The man was slumped against the building. His hands were black. His clothes and his shoes were black
. Tiny tongues of flame still skittered along his pants. The hood of a heavy parka framed his blackened face, but his shocking white eyes stared at Leo as the car slid past.
“Drive away,” she remembers her mother said.
“Maxine, someone has to help—”
“Get out of here, David. Just drive.”
She remembers this as clearly as she remembers waxy little boxes of chocolate milk and the home phone number her mother drilled into her, as clearly as she remembers who shot J.R. For years at a time she would not think of the Burned Man, but then for no reason he’d come back. Once, in college, she’d told the story to a lover, someone she met in Gabriel’s class. She described his eyes, glassy and surprised, his swollen black hands. Maybe there was a smell. Yes, if she tries hard enough she can remember a terrible smell.
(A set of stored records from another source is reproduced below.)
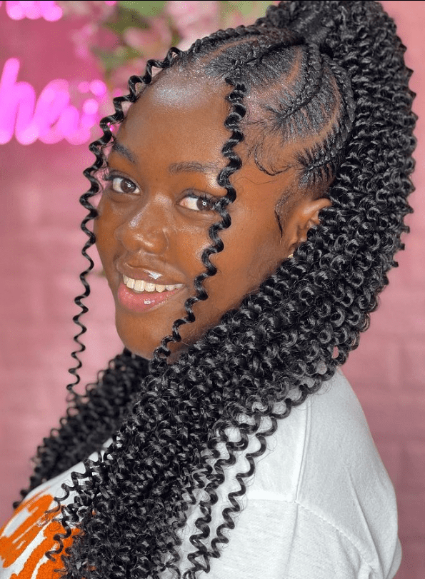 Cornrow braids in the front with a high curly ponytail in the back is a stunning and versatile hairstyle. The cornrows offer a protective style for your natural hair, while the high ponytail adds volume and drama. This combination is perfect for those who want a look that’s both stylish and practical. The curly ponytail can be styled with your natural hair or with extensions, allowing you to play with different textures and lengths. This hairstyle is perfect for any occasion, from a casual day out to a special event.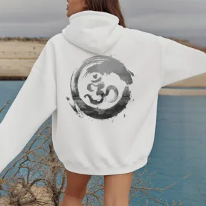 • DESIGN INSPIRATION: This hoodie features a design inspired by Sanskrit. prominently displaying the “Om” symbol. which represents the essence of the universe in Hindu philosophy. The artistic brushstroke adds a modern touch to this spiritual motif.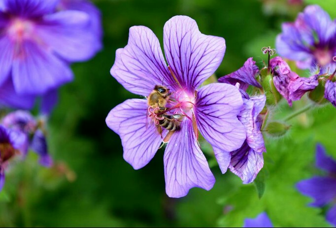 Have you ever watched bees gathering food? They fly from lower to flower collecting nectar, which is a sweet and sugary fluid. They also collect pollen. Both nectar and pollen are used for food, but it is the nectar that the bees turn into honey Some bees collect nectar from sunflowers, others go to buttercups. The bee sucks the nectar into a special honey stomach. The pollen is picked up on the hair of the body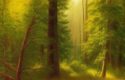 About A painting of trees and green plants in a forest
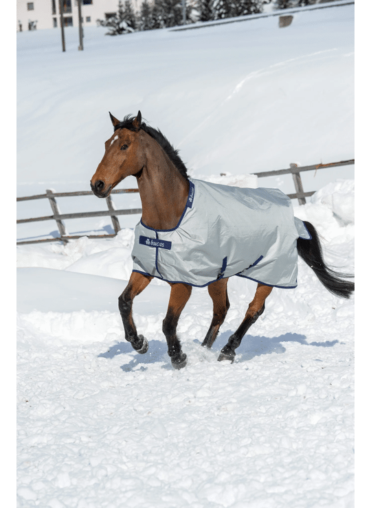 Door de speciale combinatie van een zon- en hitte reflecterende coating en een zilver uiterlijk is deze deken in staat om het paard in alle weersomstandigheden te beschermen. Deze stoffen zorgen ervoor dat lichaamswarmte bij kou beter wordt vastgehouden en zonnewarmte gereflecteerd wordt.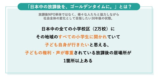 設立当初からの目標でもあった全国各地の放課後の居場所の質向上にも近年挑戦しはじめ、これまでのビジョン「放課後はゴールデンタイム」に、”日本中の放課後を”という決意を表しながら、組織一丸となって取り組んでいくミッションとして新たに策定しました。
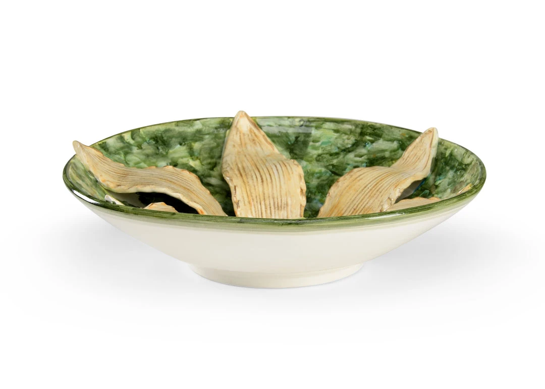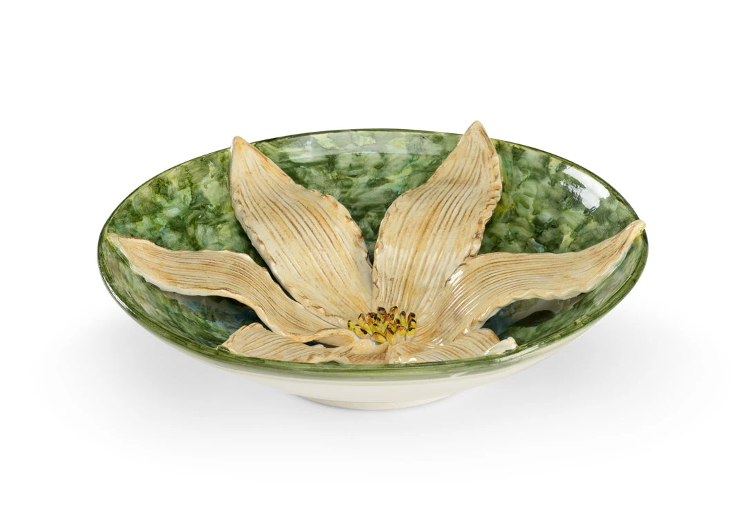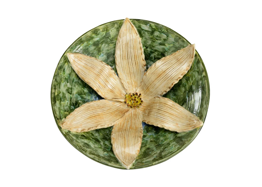 Antique White Lily Italian Ceramic On Green Ceramic Centerpiece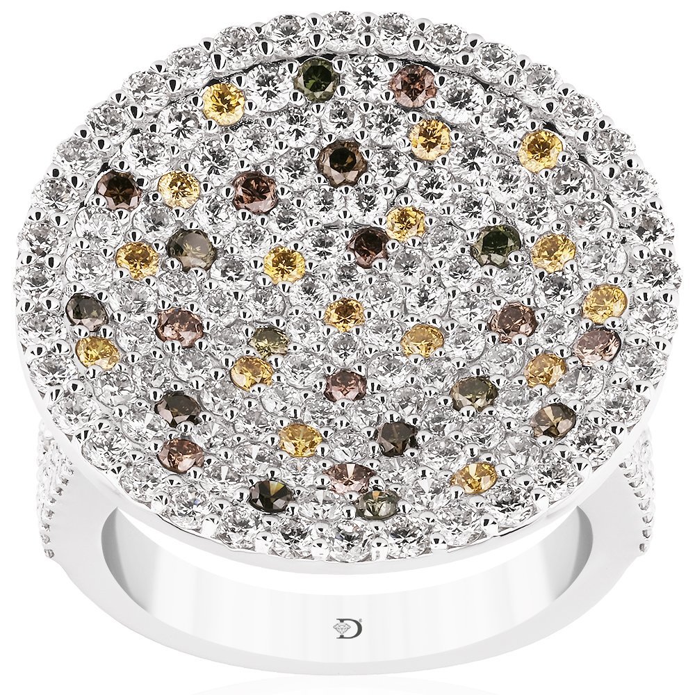 Bu göz alıcı kolye, 3,18 karat çok renkli pırlantalarla hayat buluyor. Beyaz altının zarif çerçevesinde yer alan sarı, kahverengi, siyah ve beyaz pırlantalar, benzersiz bir mozaik oluşturuyor. Pırlantaların rastgele dağılımı, tasarıma sanatsal ve modern bir hava katarken, dış çerçevede yer alan beyaz pırlantalar ışıltıyı zirveye taşıyor. İnce detaylarla işlenmiş zarif zinciri, iki ara pırlanta taşıyla tamamlanarak hareket kazandırıyor. Çarpıcı ve karakteristik tasarımıyla bu kolye, farklı olmayı sevenler ve cesur stilini mücevherleriyle tamamlamak isteyenler için etkileyici bir seçim.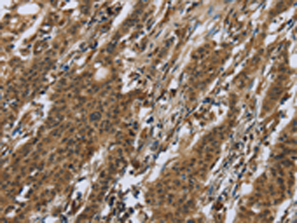 The image is immunohistochemistry of paraffin-embedded Human gastric cancer tissue using P07109(RAP1B Antibody) at dilution 1/50. (Original magnification: ×200) |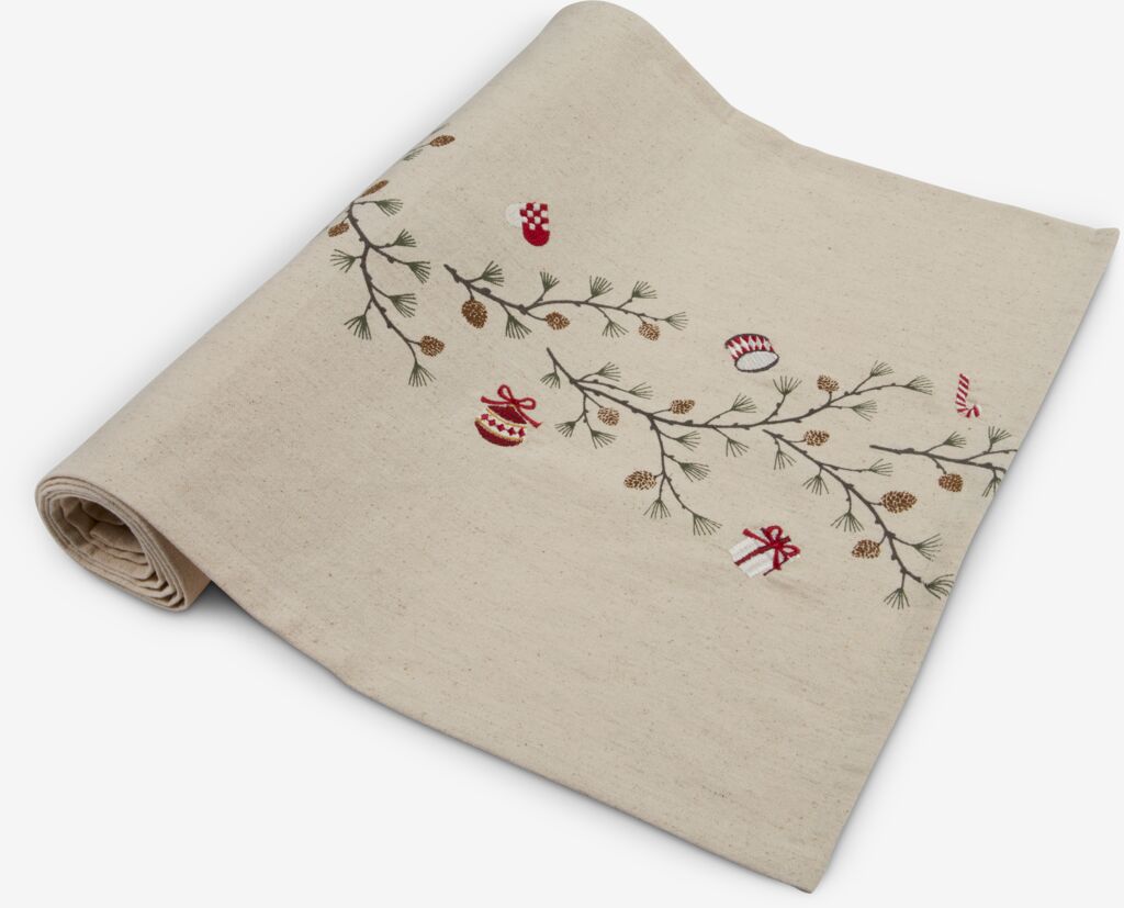 Neutraalin värisestä puuvilla-pellavasekoitteesta valmistettu kaitaliina, jossa on hillitty printtikuvio ja jouluisia kirjailuja. Luo jouluisen kotoisaa tunnelmaa ruokapöytään. 40x150 cm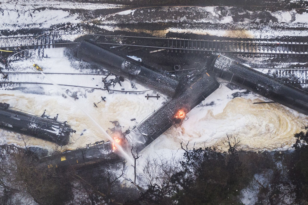 Washington: Sebuah kereta api yang membawa minyak mentah tergelincir dan terbakar hebat di negara bagian Washington dekat perbatasan Kanada, Selasa, 22 Desember 2020 waktu setempat. Kecelakaan tersebut memaksa evakuasi dalam radius setengah mil.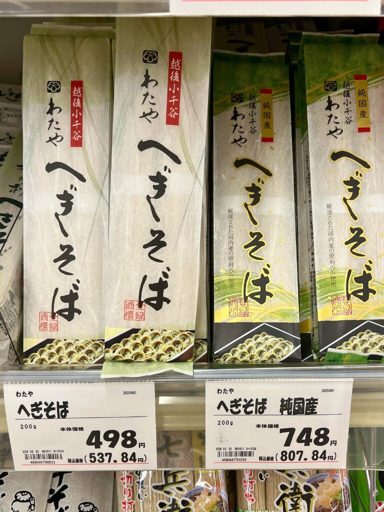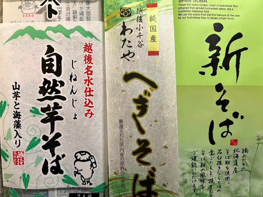 今回も様々な「へぎそば」をご家庭でも味わっていただけるよう、今までご紹介できなかった新潟県内のスーパーで手に入る乾麺を購入してきました。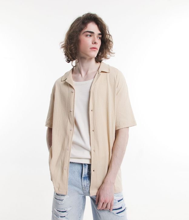 Camisa Bege Descontraída em Tecido Texturizado Crinkle com Mangas Curtas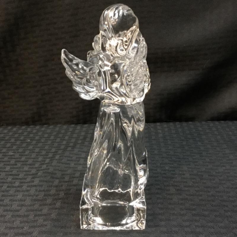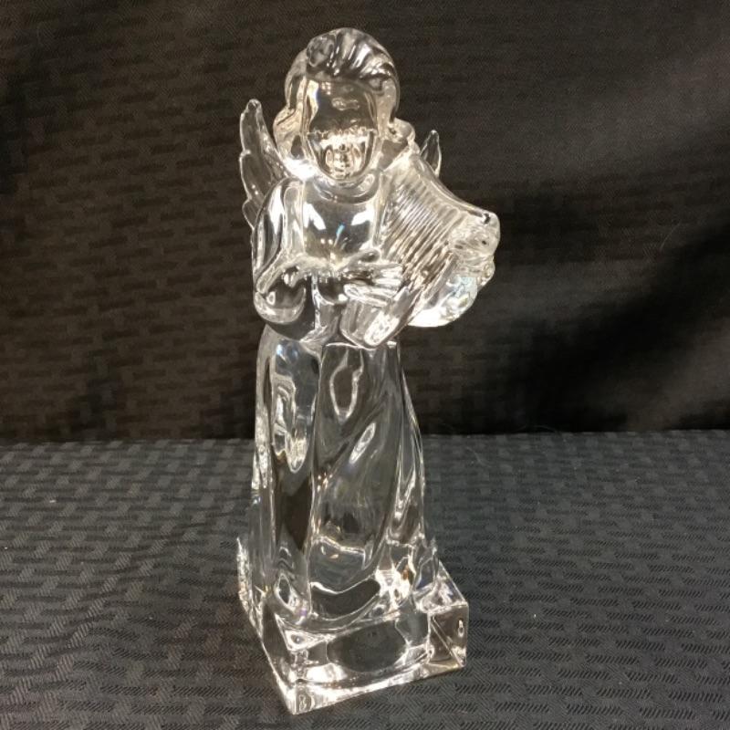 One glass figurine depicting an angel playing a harp standing on top a square pedestal. Stands 8.25“ tall. See pictures.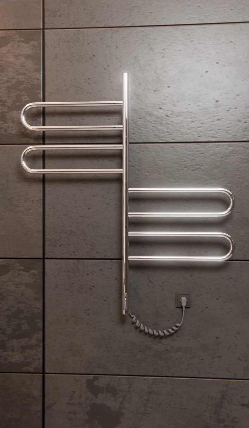 Elektryczny grzejnik łazienkowy Fluger ze stali nierdzewnej ma 4 ruchome przęsła, każde z których obraca się o 180° niezależnie od drugiego.Jest to grzejnik całkiem elektryczny, bardzo wygodny w korzystaniu, nie jest wodny, nie potrzebuje podłączenia do systemu centralnego ogrzewania. Ten grzejnik można podłączyć w jakimkolwiek miejscu, gdzie jest dostęp do gniazdka elektrycznego. Urządzenie jest z suchym kablem w środku i nie potrzebuje żadnych dodatkowych płynów, warto tylko podłączyć go do prądu i działa! Nagrzewa się do maksymalnej temperatury w ciągu kilku minut. Jest to niezwykle wygodne, gdy zależy na szybkim wysuszeniu prania lub podgrzaniu ręcznika dla przyjemnego wycierania się po wyjściu z kąpieli.Jeżeli łazienka jest na etapie remontu jest możliwość ukrytego systemu montowania podtynkowego, bez widocznego na zewnątrz przewodu zasilającego. Idealne rozwiązanie dla minimalistycznego wnętrza i bezpiecznego korzystania z urządzenia elektrycznego.Grzejnik został wyposażony w sterownik, który pozwala regulować temperaturę urządzenia w trzech trybach temperaturowych (45°- 55°- 65°C) oraz posiada jako opcję dodatkową timer 3h. Po 3 godzinach pracy w tym trybie grzejnik wyłącza się samodzielnie. Jest energooszczędny, pobiera bardzo mało prądu. Zaoszczędzi zużycie prądu do 70% miesięcznie.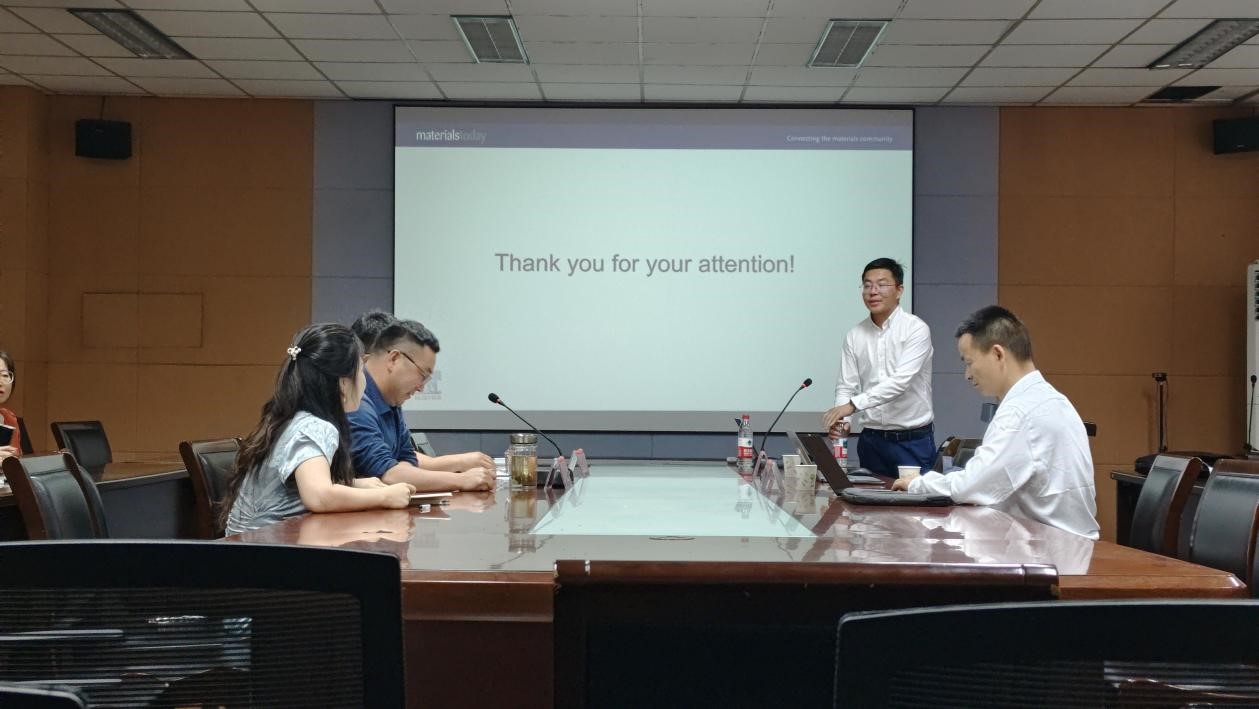 近日,yd222云顶线路检测邀请了复旦大学智能材料与未来能源创新公司吴仁兵教授和爱思唯尔全球科技与医学期刊资深出版人蒋峰博士作报告,报告会由副经理严玉波主持,yd222云顶线路检测部分师生参加了报告会。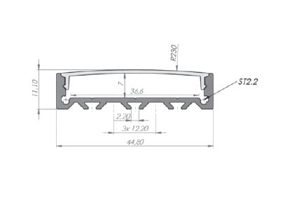 Caratteristiche: Larghezza 44,80 mm per potervi alloggiare fino a 3 strip LED. Copertura rimovibile con un click. Utilizzabile come corpo illuminante indipendente. Utilizzabile con Strip LED di bassa/alta potenza. Applicazioni: Illuminazione principale del banco “reception” negli hotel. Illuminazione di vetrine.
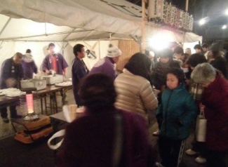 なのでお汁粉を配っていると参拝者の方々に「待って冷えきった体が暖まる、ありがとう」、「寒い中、待って良かった」、「待ったかいがあった」などとうれしい言葉を言って頂きました。(嬉)
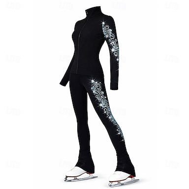 Kurtka do jazdy figurowej ze spodniami, damska, dziewczęca, do jazdy na łyżwach, czarna, elastyczna, treningowa, do zawodów, termiczna, ciepła, z kryształkami / strasami, z długim rękawem, do jazdy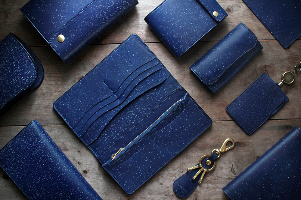 enkuでは、徳島産のすくもで藍を建てて染色し、ブライドルレザーやグラデーション染め、昔ながらの米ぬかともち米糊を使った型染めなど、藍染革を様々な染め方で表現している。素材の違いはもちろんのこと、気温や湿度によっても、染まり方は大きく異なるため、熟練した技と経験が必要になる。こうして染めあがった革は、一点ずつ原田さん自身が製品へと仕上げ、財布やコインケースなどの革小物として世に送り出していく。

But it never happened—or not the way she remembers it.
“There was something,” her mother says when she asks about the Burned Man. “Something in the newspaper, some kids from Long Island did it, I think. It was right after we moved to Cannondale—Matt was a baby.” She shuts her eyes and shakes her head to dislodge the memory. “I think it happened in the Bronx. They poured gasoline on him while he was sleeping. Mayor Koch went on TV. I’m surprised you remember that.”
But they were there, Leo insists. She remembers the pained sound her father made, the look on her brother’s face, the long glow of the tunnel when they finally found their way home.
“What do you think, Leo? That I wouldn’t remember?” Maxine tilts her head as if she can’t recognize her daughter. David slumps against the wall of El Arca, his face sallow with altitude sickness. Leo closes her eyes and the man is still there: propped against the wall as if to be carted off, his shocked and accusing gaze.
“What kind of people do you think we are?” Maxine says. “You think we’d just drive right by something like that?”